Said Rahal Letterman Lanigan Racing driver Graham Rahal: “I’m not sure how much (the Thermal track) relates. We’re running a Barber tire, similar to the Laguna Seca tire. Who knows what the track grip is like in the desert here. If you look at a lot of the corners, a lot of hairpins, a lot of slow speed corners, but then you’ve got like the end of the back straight is quite a fast left-hander. But they’re varying shapes of corners, decreasing radius, on increasing radius. We don’t have any tracks that do that traditionally.

“We’ve got to pick and choose exactly what we get out of it, but I’m all on board for the Thermal thing, so I don’t want to sound like I’m not. I think it was great to have change. We’ve kind of gone to the same places time and time and time and time again. It’s good to see something new.”

IndyCar also will be measuring the results of the test beyond timing and scoring.

The Indianapolis Star reported there have been informal talks about having a pro-am event in the future. With the test closed to the general public but open to its high-dollar clientele, there could be potentially millions of liquid capital at stake for future team investment if the Thermal Club’s members take a shine to IndyCar.
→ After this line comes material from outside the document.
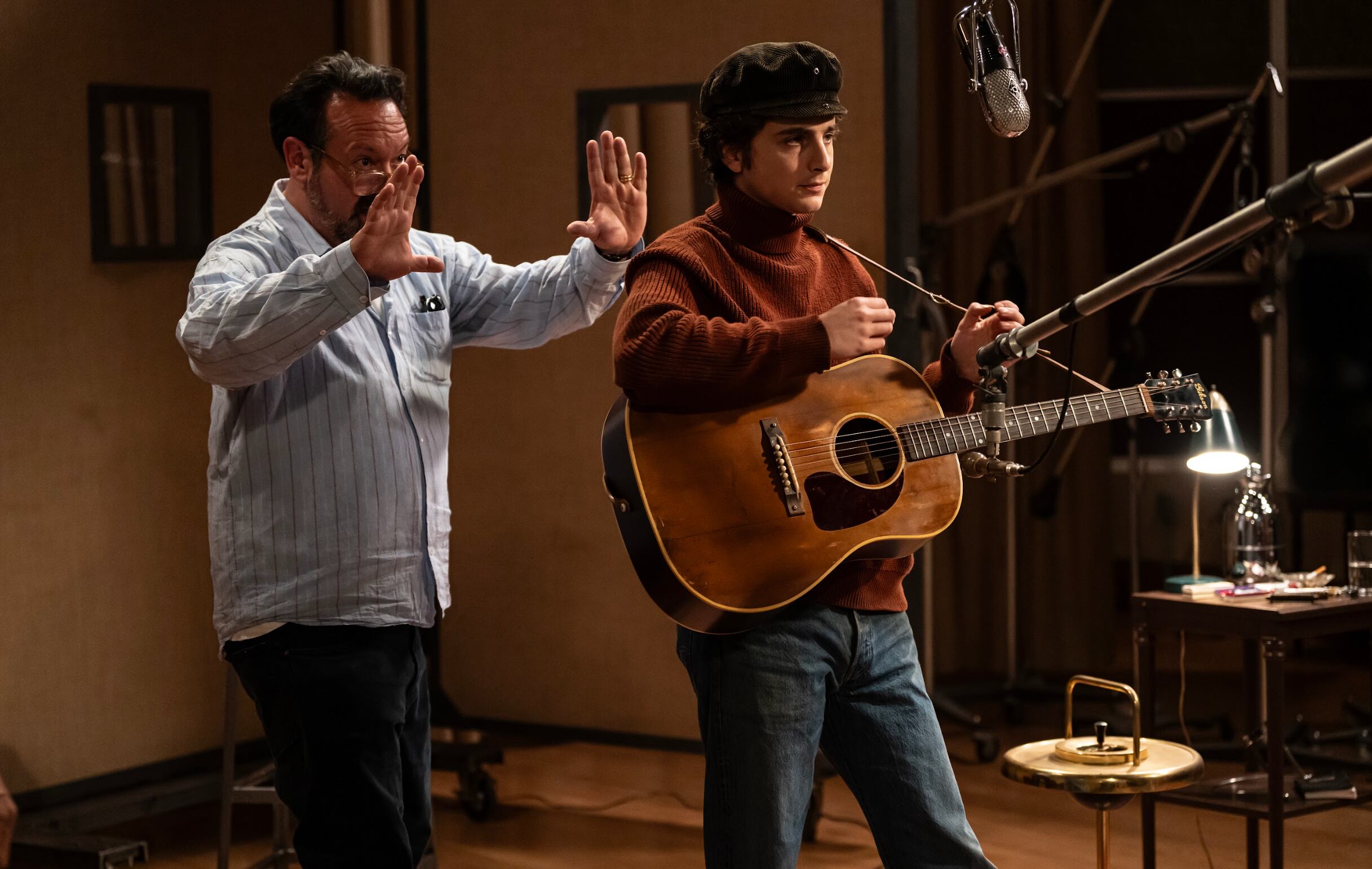 Para James Mangold, la experiencia de rodar la cinta ‘Walk the Line’ sobre Johnny Cash le ayudó a contar la historia de Dylan. “Me dio confianza a la hora de confiar en mis instintos. Sabía que quería llegar más lejos, correr más riesgos. Cuando sugerí esta película en conversaciones con los productores en el estudio y a la gente de Bob Dylan, les dije: No necesitaremos sus grabaciones. Vamos a hacer las nuestras. Y todos preguntaban: ¿Qué quieres decir? Y yo les dije: Bueno, no podemos permitir que Timmy hable con su propia voz y luego la voz de Bob salga de su boca, como un muñeco de ventrílocuo. Eso nunca va a funcionar. Mi confianza fue luego igualada por la ambición y disciplina de Timmy. Él llevó las cosas a otro nivel en el sentido de que establecimos todo esto como parte de nuestra preparación. Preparamos lo que será un álbum de banda sonora lleno de música en el estudio. No sólo Timmy está maravilloso en escena, sino que también ha demostrado su validez. Su método retorció la canción de Dylan de una forma que nunca hubiera podido hacer de otra manera. Hubo decisiones que tomó con la música como lo haría con el diálogo o la acción. Fue una lección muy poderosa para mí. Si no hubiera hecho una película como ‘Walk The Line’ antes podría haber dudado, pero tenía la sensación de que, como habíamos traspasado esos límites antes con actores tan buenos, sabía que si les das espacio para llenar, podrías tener suerte y llenarlo. Y eso es exactamente lo que sucedió con Timmy”, finalizó Mangold.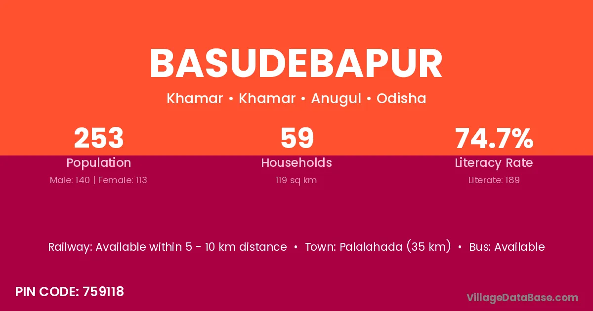 Palalahada (35 km) is the nearest town to Basudebapur village for major economic activities and is located approximately 35 km away.

Thermal was throwing a posh welcoming event Wednesday night that was expected to have drivers, series executives and residents mingling with dancing and drinks.

Simon Pagenaud, who has explored the concept of starting a motorsports country club in his native France, is intrigued by the long-term marriage of IndyCar and Thermal.

“This kind of racetrack — what they do with their members, the passion of cars —  is really something,” Pagenaud said.

Indy 500 winner Marcus Ericsson likes the appeal of testing in Southern California instead of Central Florida.

“This time of the year, it’s really hard to find places for us to go testing,” Ericsson said. “I’ve only been here for four years, starting my fifth year, and I feel like I’ve done I don’t know how many days of testing at Sebring.

“For me, this is a lot better to come here. I like the idea a lot of having the preseason testing back on the calendar to get all the teams and drivers together.”

Said Alexander Rossi, who will be making his debut in an Arrow McLaren Chevrolet this week: “It’s always a difficult situation in January, February, in the United States to find a track that has the appropriate climate. Not only do we have a beautiful place to come with seemingly good weather, but you’re introducing IndyCar to obviously a demographic that has an interest in racing, with some decent capital behind them. They may not know of IndyCar. They may have known of IndyCar but never seen it in person.

“We’re able to bring and showcase what we believe is the best series in the world in front of people who are passionate about motorsports, participate in motorsports themselves, and maybe haven’t seen it before.”

McLaren teammate Felix Rosenqvist already has been staying at the villas inside the track all week.

“It’s an amazing facility,” he said. “I’ve never been here before. I was really blown away by how neat and tidy everything looks.

“I don’t know if there’s ambitions to race here in the future. That could be an option. I’m just pumped to be in California in January. There’s worse places to be.”